Trivium Guitarist Corey Beaulieu’s Guitar Roots

As the unveiling of Trivium’s new album ‘In Waves’ draws near, guitarist Corey Beaulieu has reflected on his early years as a guitar player.
In a recent interview conducted by Metalshrine, Beaulieu spoke of the his time spent as a young, aspiring guitarist; “…I would play in my room and play along to CD’s, the most, was like Metallica, Megadeth, Slayer, Iron Maiden and Iced earth.” Adding “There’s a lot of stuff that I listened to, but learning those songs, like learning Maiden, Slayer, Megadeth and that really showed me and was kind of like the blueprint for how to play metal and how to write metal music. Once you learn it you can kind of take it and Frankenstein it and put your own twist on it. You gotta learn the tricks from somebody and then you gotta figure it out how to take it and make your own thing out of it.”

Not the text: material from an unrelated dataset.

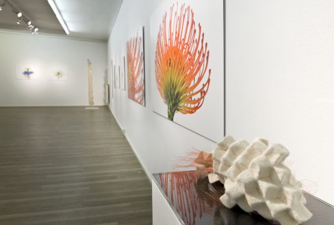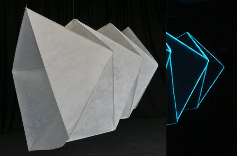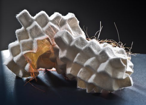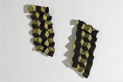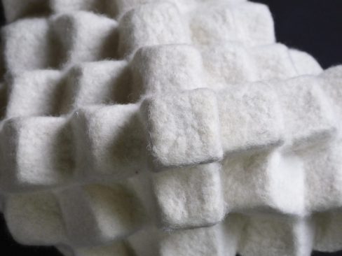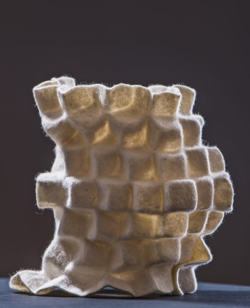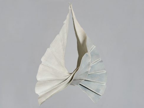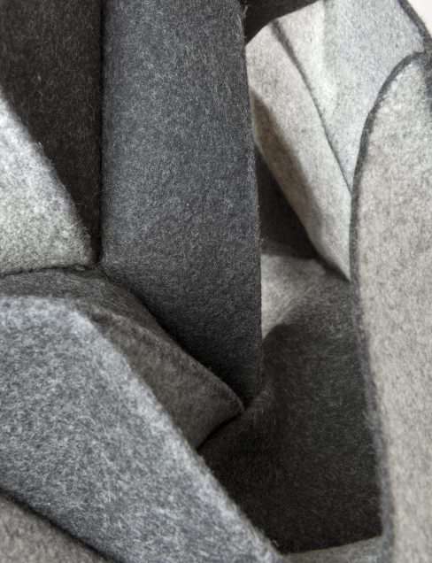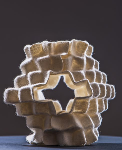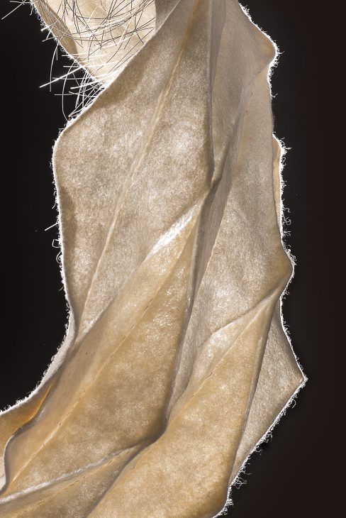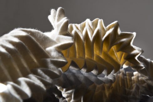 Seit Jahren beschäftige ich mich mit dem Generieren von Räumen durch Faltungen und ähnlichen Konstruktionen, die ich in textilen Materialien und Papieren umsetze. Durch einen Falz werden geometrische Formen so miteinander verbunden, dass sie sowohl einen Raum erzeugen als auch den so entstandenen Innen- und Außenraum miteinander verbinden bzw. voneinander trennen. Die entstandenen Räume sind beweglich. Sie können verdreht, verdichtet und zusammengefaltet oder geöffnet werden und ermöglichen so unterschiedliche Ansichten, Empfindungen und Gefühle. Die Objekte Phacelia und Protea sind für die Ausstellungen „Dimensionalitäten“2015 und „Perspektivenwechsel“ im frauen museum wiesbaden 2019 als Referenz zu Makroaufnahmen der Künstlerinnen Erika Glanzer und Tina Bender entstanden.

Beaulieu is a guitarist that favors and produces some of his best work while writing and playing on a subconscious level, “…My amp’s next to my TV, so I just turn my amp on, pick up the guitar, sit on my couch and just watch TV-shows or movies or something and play guitar and it’s like you’re playing but you’re not full on thinking about it. It’s just like autopilot and usually when I do that, that’s when a guitar lick or a riff will come out and then you work on it. It’s more fun for me.”

Fortunately for Trivium fans, Beaulieu is just as capable of writing while on the road. “We do a lot of writing on tour, so we’re always writing riff ideas in the dressing room and recording on our laptops or like showing each other riffs in the dressing room and kind of bouncing ideas off each other. We like to do that so we have a lot of… so we can kind of start the basic song ideas. We may not have the whole record by the time we get done, but at least having like a good chunk of anywhere from like four to six songs. A good number of tunes that start early on and during the touring and on the bus, we’ll just listen to songs on the speakers and throughout the tours, modify the riffs or add stuff to them or add parts to the song. It kind of gives us a little extra head start with putting the songs together, so by the time we get off the tour and it’s time to go work on the record, we can go into the rehearsal space and everyone’s already familiar with a good chunk of songs and we can get right into putting the songs together and go through all that and fine tuning them and then things change when the whole band is playing together, with the songs and the way they feel and everything like that and then modify that and once you do that everyone brings in new song ideas and keep adding to the songs we have…”
Beaulieu also commented on the concept behind ‘In Waves’, which one could be forgiven for interpreting as being about the recent tsunami disaster in Japan; “In waves” can mean a bunch of different things. Not just necessarily about an actual wave. It can be that things come in waves one after the other. I’m not really sure because Matt never… he’s doing this whole thing where he doesn’t want to explain the meaning of what anything means on the record, like the lyrics or the artwork or anything. He wants everyone to be able to get into the record and listen to the record and be able to form their own ideas and what the songs mean to them, instead of having someone else saying “This is what the song means!” and then not be able to make the song their own, the way it means to them. A lot of the stuff he just kind of wrote a lot and it flowed out and he didn’t really have a definite meaning of what it’s supposed to actually mean, because it just kind of came out. A lot of stuff was inspired by visual art and movies and stuff and not necessarily inspired by music. It could mean a lot of things and I just think that everything with the record, everyone will hopefully form their own… kind of what it means to them and make it more personal to them when they listen to it. I couldn’t even really tell you because Matt hasn’t even told me what most of the shit means, so I kind of have to do the same thing.”